The Great Recession wasn't easy for those who supply office work stations, chairs and other furniture. For industry leader Herman Miller (NASDAQ:MLHR) competition seemed to pop up like relentless Whack-a-moles in arcade.
Serious global competition
For starters, competitors closed the innovation gap. Herman Miller built its reputation on innovative products, most notably the Aeron Chair. But competitors like Steelcase (NYSE:SCS) closed the gap with its ergonomically functional Gesture Chair designed to accommodate different activities from traditional keyboard to tablet presentations.
Rival HNI (NYSE:HNI), has an advantage in the commercial market by combining furniture with its hearth-products segment. And Knoll (NYSE:KNL) was the only one of the major competitors to show even minimal growth during the Great Recession.
And let's not forget the constant threat of overseas competitors with their built-in advantage in labor costs, which is forever baked into the bread of competition for furniture manufacturers.
But ironically as overseas advantages lessen due to rising costs like fuel and wages, and as manufacturing returns to the United States, another threat to Herman Miller rises from one of its own customers, the federal government.
Unicor's new window of opportunity
Unicor is the fancy name of a federally owned manufacturing company -- in existence since the 1930s under the name Federal Prison Industries -- that uses inmate labor throughout the Department of Corrections to make things, such as jeans, electronics and yes, office furniture.
Unicor operates numerous factories using inmate labor that often pays less than a dollar an hour. It is a serious player in this competitive marketplace, holding 14.5% of the market for cabinets, lockers and shelving and 9.3% of the office furniture market.
Herman Miller has lobbied Congress about Unicor's unfair labor practice for years, which may have had something to do with Federal government contract GS-28F-8049H, awarded to Herman Miller in 2010, giving the company a slice of the government's business.
Laws that limit the company's ability to directly compete with companies like Herman Miller because of its unfair labor do not succeed in an outright prohibition. As a result, Unicor remains a significant threat to Herman Miller, expanding that threat to the commercial sector.
Unicor even has gone so far as to list its office furniture products on its website for purchase. Anyone can browse the site and order just as they would from say, Office Depot, or Herman Miller.
So bail out, right?
In the face of this brutal competition it would seem like a prudent move to stay away from all of these office furniture companies, especially Herman Miller. As Fool.com writer Mark Lin pointed out, the established brands of big companies like Herman Miller don't offer the stability and security one would expect.

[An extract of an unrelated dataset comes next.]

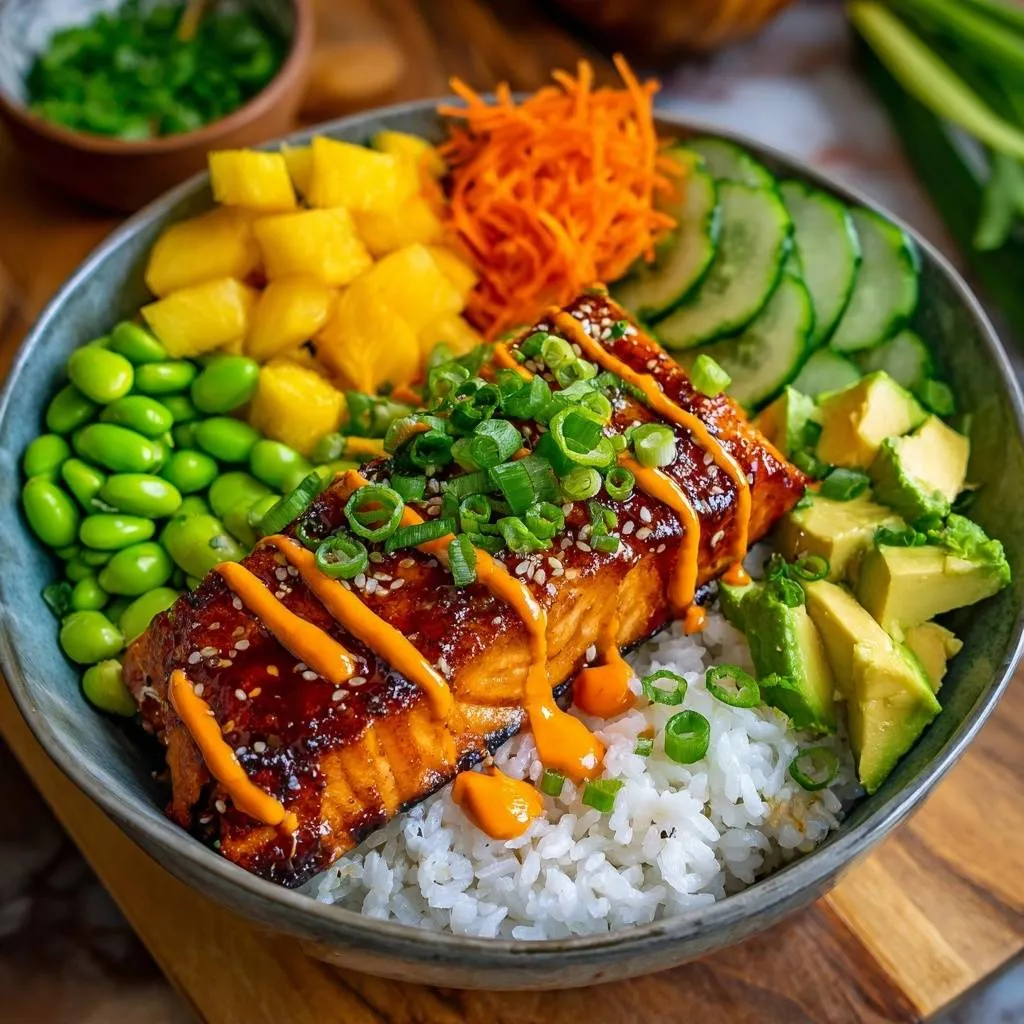 Place the glazed salmon fillet directly in the center. Now, work your way around the fish, placing the mango, edamame, cucumber, carrots, and avocado in their own distinct sections. This “deconstructed” look is what defines high-end poke shops. Finally, garnish with the green onions and sesame seeds, and apply the spicy mayo in a tight, fast zigzag pattern for that final professional touch.

But this may be one example of watching the trend and going in the exact opposite direction. In fact, for a long-term solid position with projections of significant growth in the next three years, I suggest Herman Miller might be the exact company to consider. Here's why:
1) As Fool.com's Dan Caplinger pointed out back in 2011, Herman Miller showed serious signs of having weathered the recession storm and using its considerable financial strength (its earnings in 2013 topped $1.8 billion) to position itself for growth.
"If it can keep up its recent earnings momentum, though, Herman Miller could quickly move much closer to perfection in the years to come," Caplinger wrote. Two years later the company looks more poised for the revenue growth and debt reduction Caplinger hoped for back in 2011.
2) The changing nature of offices means big business in the years to come. Like it has several times in the past, Herman Miller's is poised to profit from it. An overwhelming number of managers surveyed by both Herman Miller and other agencies say they want work spaces that are more flexible, modern and conducive to both multiple-device work platforms and interaction among employees.
From its report to investors in 2013, the company stated, "By 2015, non-dedicated team areas are anticipated to be the single largest allocation of space (averaging 35% of the office), as dedicated individual workstation space continues to decline (between 11-22%, by region)."
The bottom line is companies everywhere will be radically redesigning and refurnishing their work spaces. In "early 2014" Herman Miller will launch its completely renovated offerings known as Living Office Spaces.
Investment analysts are taking notice. Four different analysts project massive revenue growth in office furniture by 2015 and for Herman Miller in particular to benefit.
On the surface Herman Miller looks to be a 20th-century brand whose time, like big-box retailers, has come and gone. But dig a bit deeper and take a second look. From its government contracts, ability to lobby to challenge Unicor's advantages and its new product line to align itself with cutting-edge technology, Herman Miller is worth a serious place on your watch list in 2014.
I will be watching it closely and will report a more detailed financial picture once its Living Office Spaces is fully launched.